The postgresql_vector_store extra is present in pyproject.toml, but the
built-in MemoryManager path in this repository currently wires up Chroma.
EAA supports both directions of MCP integration.
Expose EAA tools as an MCP server:
from eaa.core.mcp.server import run_mcp_server_from_tools
from eaa.tool.example_calculator import CalculatorTool
run_mcp_server_from_tools(
tools=CalculatorTool(),
server_name="Calculator MCP Server",
)Use an external MCP server as a normal EAA tool:
from eaa.tool.mcp import MCPTool
mcp_tool = MCPTool(
{
"mcpServers": {
"remote_tools": {
"command": "python",
"args": ["./path/to/server.py"],
}
}
}
)Skills are reusable, markdown-first task packages that EAA can discover and
load at runtime.
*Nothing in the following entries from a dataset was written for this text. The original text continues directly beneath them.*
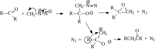 Взаимодействие альдегидов и кетонов с диазометаном представляет собой метод получения гомологов карбонильных соединений. В качестве побочных продуктов образуются оксираны. В первой стадии в результате нуклеофильного присоединения диазометана к карбонильной группе образуется бетаин. Бетаин стабилизируется двумя альтернативными путями - замыканием трехчленного цикла в результате нуклеофильной SN2-атаки кислорода по метиленовой группе с одновременным отщеплением молекулярного азота, либо за счет миграции группы R.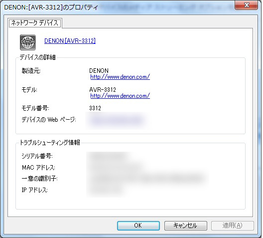 AVR-3312のプロパティを選択。「デバイスのWebページ」に表示されるIPアドレスをクリックすると「Webコントロール機能」がブラウザに表示される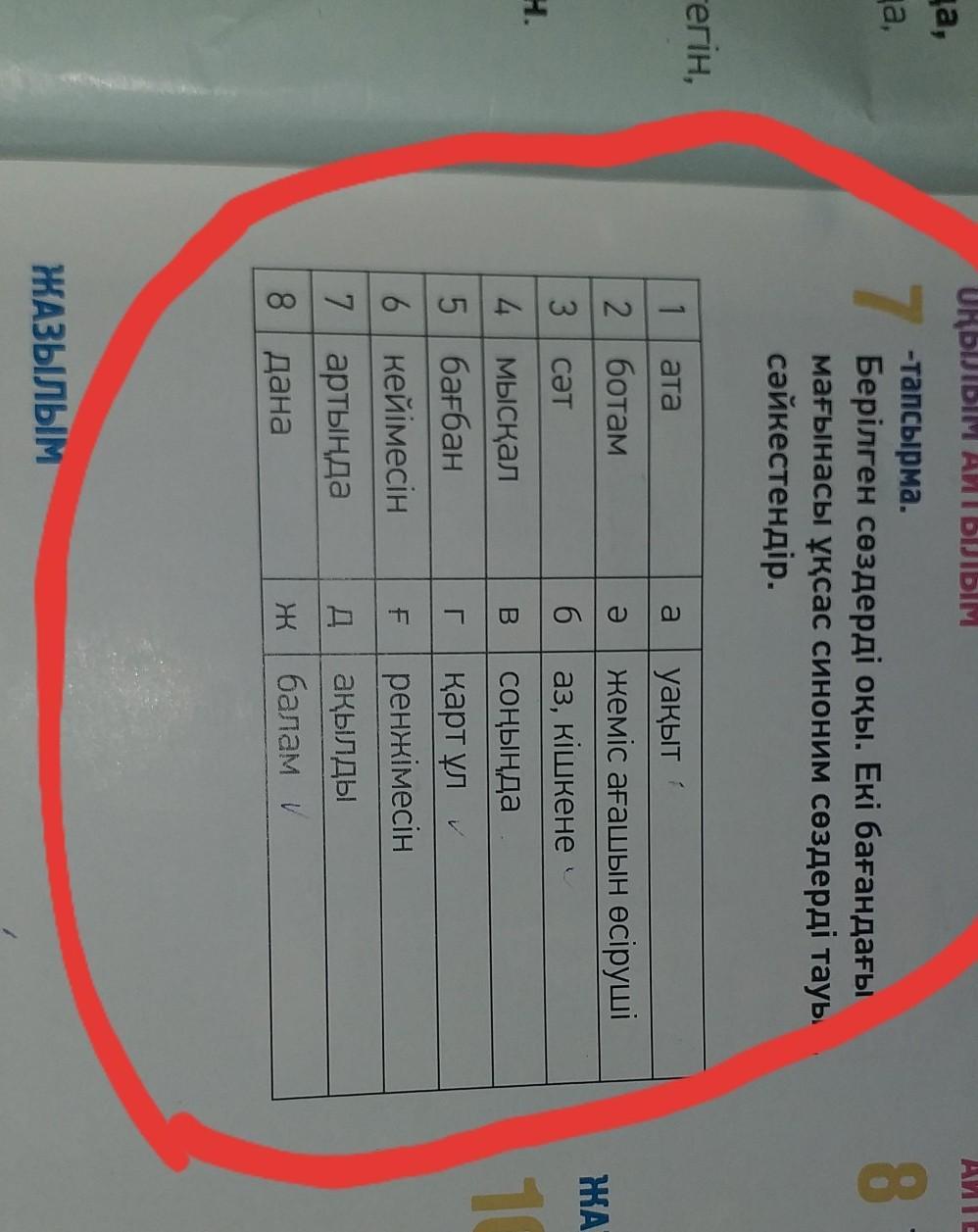 7)артында в) соныңда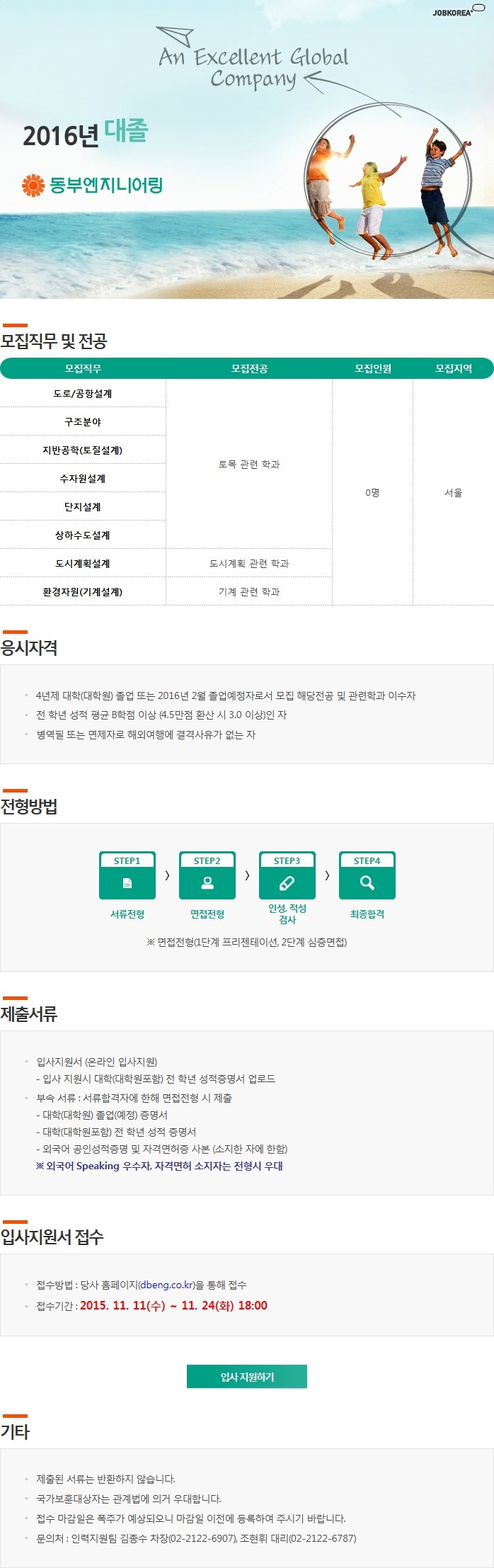 동부엔지니어링 채용 2016 상반기 신입사원 모집이며,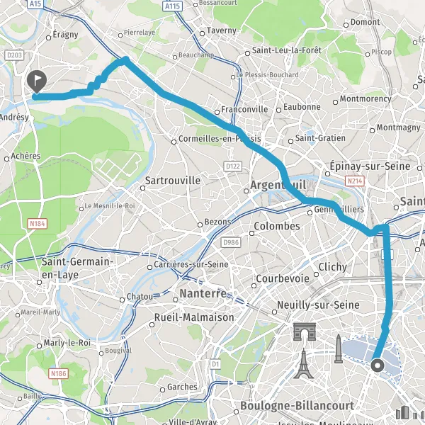 Prendre à gauche et rejoindre N184 (La Francilienne). Continuer sur 4,4 kilomètres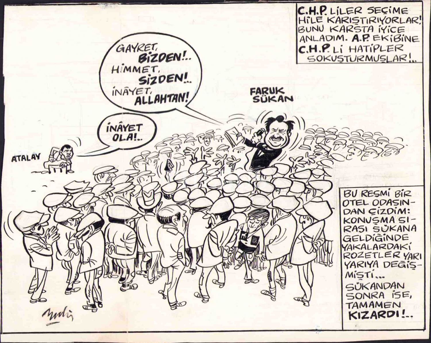 Bedri [Koraman] imzalı, Faruk Sükan ve miting konulu karikatür, 25x20 cm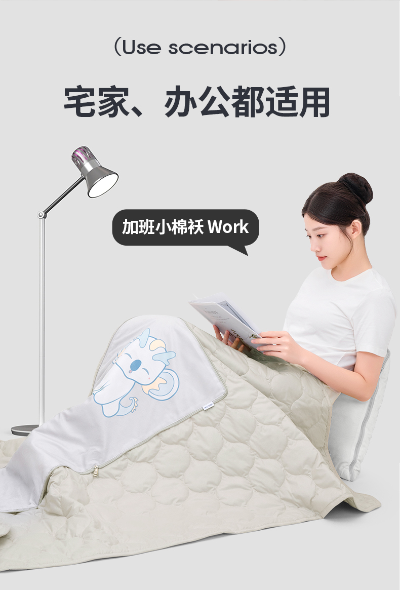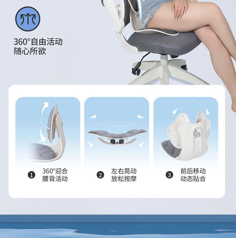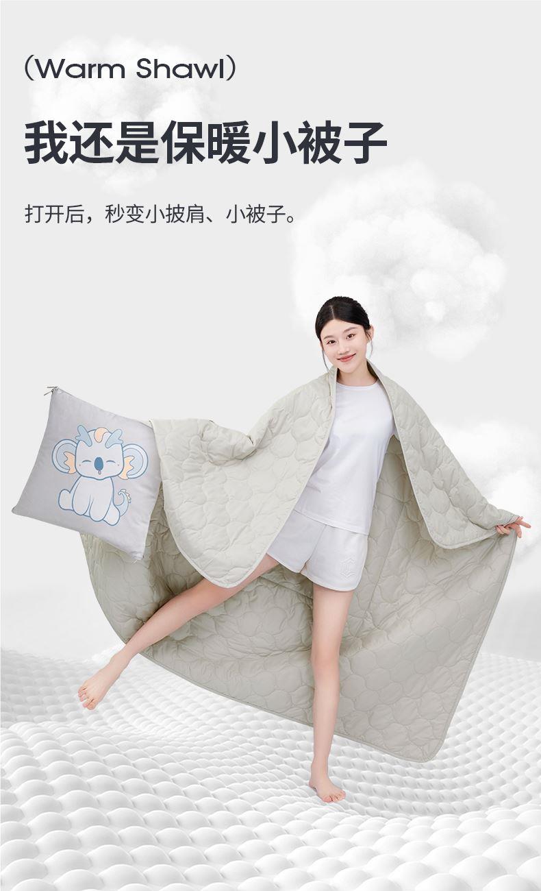 动感护腰椅:①科学分区,贴合身体曲线 ②多挡调节,满足多样化需求 ③动态追背,随肌而动 抱枕被:①双车精密绗缝工艺,300+个绗缝格牢牢固定被芯,不易跑棉不易变形 ; ②打开秒变小被子,轻盈保暖,秋冬抵御寒气,夏天可当空调被使用; ③宅家、办公都适用,秒变小披肩,空调房必备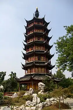 Wenbi Tower (Chinese: 文笔塔) is a tower in Changzhou, China, located near Hongmei Park. It was built during the Southern Dynasties, Qi Gaozu, Xiao Daocheng (萧道成), Jianyuan (479-482), and first named Jianyuan Temple.[1] Later, it was changed to Peace Tower. Because the tower looks like a pen, people changed the name into Wenbi Tower. As time went on, the temple had been deteriorated because of wars, natural disasters and the Cultural Revolution. Not until the Chinese economic reform did Liu Biru, a Chinese-American, subsidized restoration of the temple in 1982.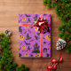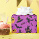 Papier d'emballage violet Halloween avec motif de chauves-souris, sorcières, citrouilles et beaucoup d'autres choses éffrayantes! Coloré et sorcier, parfait pour la saison la plus effrayante !
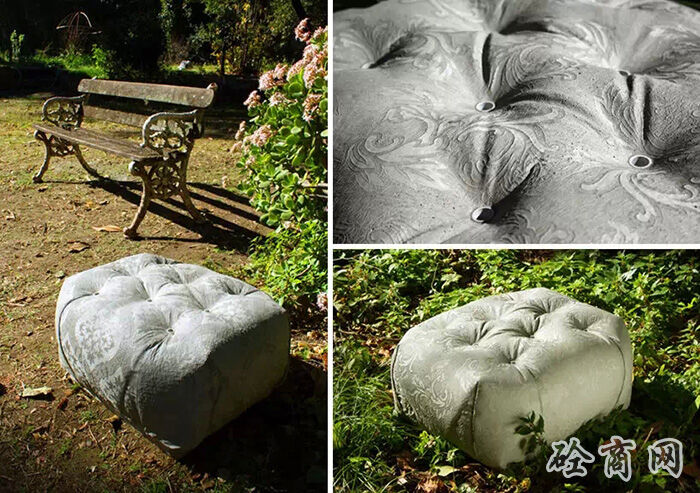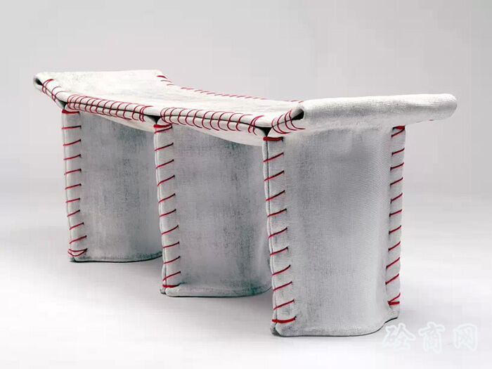 德國設計師florian schmid設計了一種“縫合混凝土”座椅,這個設計受到了混凝土帆布(CC)材料的影響?;炷敛剂鲜且环N浸漬了布料的柔軟水泥,它在水合過程中變硬,最終形成一個輕薄的,防水防火的混凝土表皮,將柔軟溫暖的布料質感和堅硬冰冷的水泥融為一體。
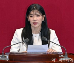이소희 국민의힘 의원이 15일 국회에서 열린 본회의에서 인사말을 하고 있다.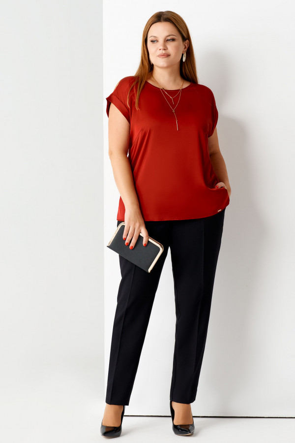 Брюки женские прямые из смесовой ткани для повседневной носки. Верхний срез брюк обработан притачным поясом со вставкой сзади на резинке, застежка на крючок, а также имеется застежка на тесьму-молнию в среднем шве брюк. Задняя часть брюк имеет талиевые вытачки и прорезной карман с двумя обтачками. В брюках расположен в боковом шве карман с подкройным бочком. Отличный классический вариант брюк, которые будут гармонично смотреться под любые изделия.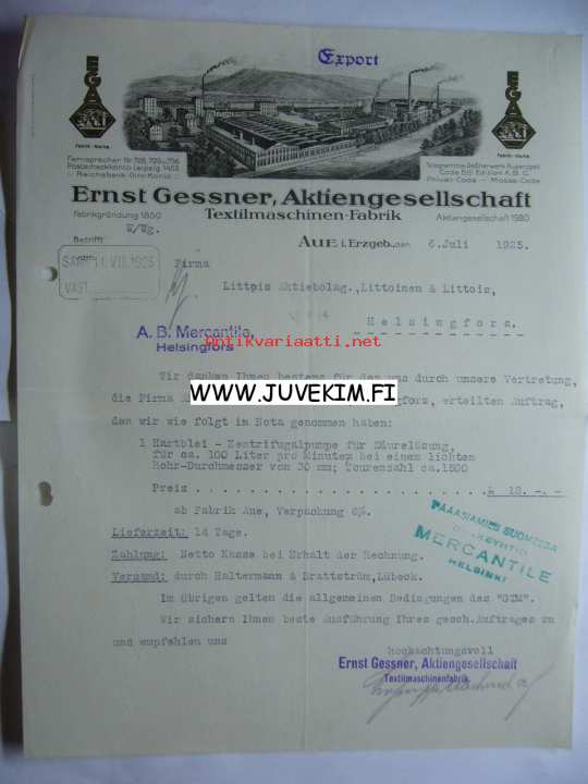 Ernst Gessner, Aktiengesellschaft Ergzeb 6.7.1925 -asiakirja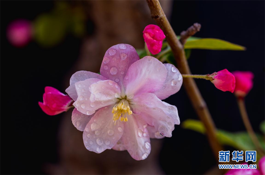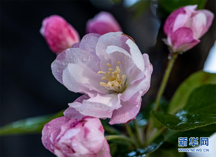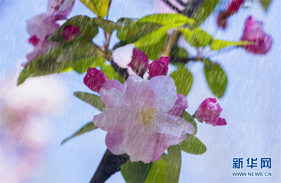 海棠花享受春雨的洗礼,别有一番意境。新华网发 李合印摄

In the current implementation, each skill is a directory with
at least a SKILL.md file. Additional markdown files and referenced images can
live alongside it.
Bundled skills live under src/eaa/skills/. A typical layout looks like:
my-skill/
SKILL.md
references/
api_reference.md
figure.png
To use skills, point a task manager at one or more skill directories:
task_manager = BaseTaskManager(
llm_config=llm_config,
tools=[acquisition_tool],
skill_dirs=["./src/eaa/skills", "~/.eaa_skills"],
)At build time, EAA scans those directories for SKILL.md, turns each skill
into a documentation-fetching tool, and makes the discovered skills available
inside the agent. In an interactive chat session you can:
- run
/skillto list the loaded skills - run
/subtask <task description>to let the agent choose a skill, fetch its docs, and launch a skill-driven subtask flow
If you want to copy the bundled skills out of the package tree, use:
python -m eaa.cli install-skills --destination ~/.eaa_skillsSphinx documentation lives under docs/ and is configured for Read the Docs.
Build it locally with:
uv sync --extra docs
source .venv/bin/activate
cd docs
make htmlThe generated site will be in docs/_build/html/.